San Antonio Express-News staff writer Jeorge Zarazua got a chance to climb around the Missile Defense Agency’s gigantic Sea-based X-band Radar (SBX)—a missile defense radar mounted on a self-propelled oil-drilling rig.

The SBX is larger than a football field, which means its journey from Texas to Hawaii (and points beyond) will not include a trip through the Panama Canal. Officials, Zarazua report, had hoped to put the SBX out to sea before June 1 to beat the hurricane season. This could be exciting.

The SBX is also one of the few missile defense activities undertaken by the Bush Administration that required relief from the ABM Treaty. X-band radars are supposed to help discriminate warheads from any accompanying decoys or debris.

General Obering called the completion of the SBX a “major milestone” for testing that “also gives us an operational capability from a North Korean threat.”

Stephen Moore explains that by “operational capability,” Obering means SBX will precisely track North Korean warheads while our missile defense interceptors remain stuck in their silos.
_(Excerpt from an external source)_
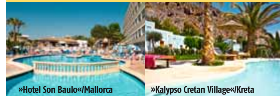
Unsere Test-Reisen: eine Woche Mallorca (links) und zwei Wochen Kreta-Urlaub (rechts)

Bewertet wurden mit den Schulnoten »sehr gut« bis »mangelhaft« die Rubriken Suchen & Sortieren (Testkriterien: 1. Auswahlkriterien/Profisuche, 2. Modifizierungsmöglichkeiten, 3. Sortieren und Filtern), Buchungskomfort (1. Schnelligkeit/Schritte bis zum Buchungsabschluss, 2. Übersichtlichkeit, 3. Userführung, 4. Fehlerkorrektur, 5. Fallstricke), Angebotsbreite (Hotel-/Mietwagenangebot, Auswahl an Flügen und Preisniveau (Reisepreise im Vergleich zu den Wettbewerbern). Die Endnote ergibt sich unter Berücksichtigung der unterschiedlichen Gewichtungen (s. Tabelle) aus den Durchschnittsnoten der Einzelkriterien. Technische Unzulänglichkeiten führten in Einzelfällen zu Abwertungen um eine Note.

Both the decision to build SBX instead of a more capable ground-based radar in Alaska and recent test failures stem from a series of deliberate choices by the Bush Administration to meet the arbitrary 2004 election, er, end of year, deadline set by the President. In other words, the President traded the ability to defeat Kim Jong-Il for the ability to defeat John Kerry.

What a guy.

Bradley Graham of the Washington Post obtained an unclassifed report by “an outside panel chartered by the Pentagon” that concluded “the rush to deploy a national antimissile system last year led to shortfalls in quality controls and engineering procedures that could have better assured the system would work.”

“Manage quality first and then schedule,” the authors—William Graham, Willie Nance, and William Ballhaus Jr.—sagely advised.

[See my post on the IRT Final Report]

Testing shortfalls, however, are only part of the issue. SBX was one of three major changes the Bush Administration made to the Clinton-era C1 NMD architecture to leave the system less capable even if it works as planned:

  • The Bush Administration will place only 20 interceptors instead of 100, with 16 in Alaska and 4 in California.
  • Instead of building an X-band radar in Shemya, Alaska, the Bush Administration will build a Sea-based X-band radar and upgrade the early warning radar at Shemya.
  • The Space-based Infra Red System (SBIRS) Program has been restructured, with SBIRS-High launches scheduled for 2006-2010. SBIRS-low is now the Space Tracking and Surveillance System (STSS), with non R&D launches scheduled for 2011.

The SBX radar is less capable than the ground based radar originally planned for construction at Shemya—though the difference may not matter as much as, oh say, interceptors that don’t intercept:

The SBX is smaller than the previously planned Shemya XBR. According to an MDA report, the SBX will have only 50–65 percent as many transmit/receive modules as the planned Shemya XBR, and a correspondingly reduced aperture, reducing detection range to 4,800 km (for the 65 percent populated SBX) rather than the XBR’s 6,700 km (MDA 2002, p. v). This reduction may not be significant, since a detection range of 4,500 km corresponds to a radar horizon altitude of about 1,500 km, which is roughly the maximum altitude of a long-range missile. However, the specified detection range is against a target with an RCS that is not publicly known. If the actual RCS is less than this value (for example, if stealth is used as a countermeasure), than the larger power and aperture of the XBR relative to the SBX might have been useful. In addition, the larger aperture and power of the XBR relative to the SBX will give it a higher signal/noise ratio against a specific target at any given range, and a narrower beam providing somewhat better tracking, resolution, and decoy discrimination capability. However, these differences are not large, and for the purposes of roughly estimating the capabilities of these systems, it appears reasonable to assume that the somewhat smaller size of the SBX relative to the XBR is not a significant issue. Other factors may be of more significance.

[snip]

More importantly, since the SBX is viewed as a test asset, it has a number of serious deficiencies when viewed from the perspective of an operational system (MDA 2002). Unlike the planned Shemya XBR it does not have dual redundant electronics, so it is less reliable. Unlike the planned Shemya XBR, it will not be hardened against the electromagnetic pulse from a high altitude nuclear explosion. And it does not have the fiber optic cable connection that was planned to give the XBR secure communications.

So, the bad news is that our missile defense system sucks. The good news, however, is that the President was able to tell Jim Lehrer during his debate with John Kerry that his administration will “be implementing a missile-defense system relatively quickly.”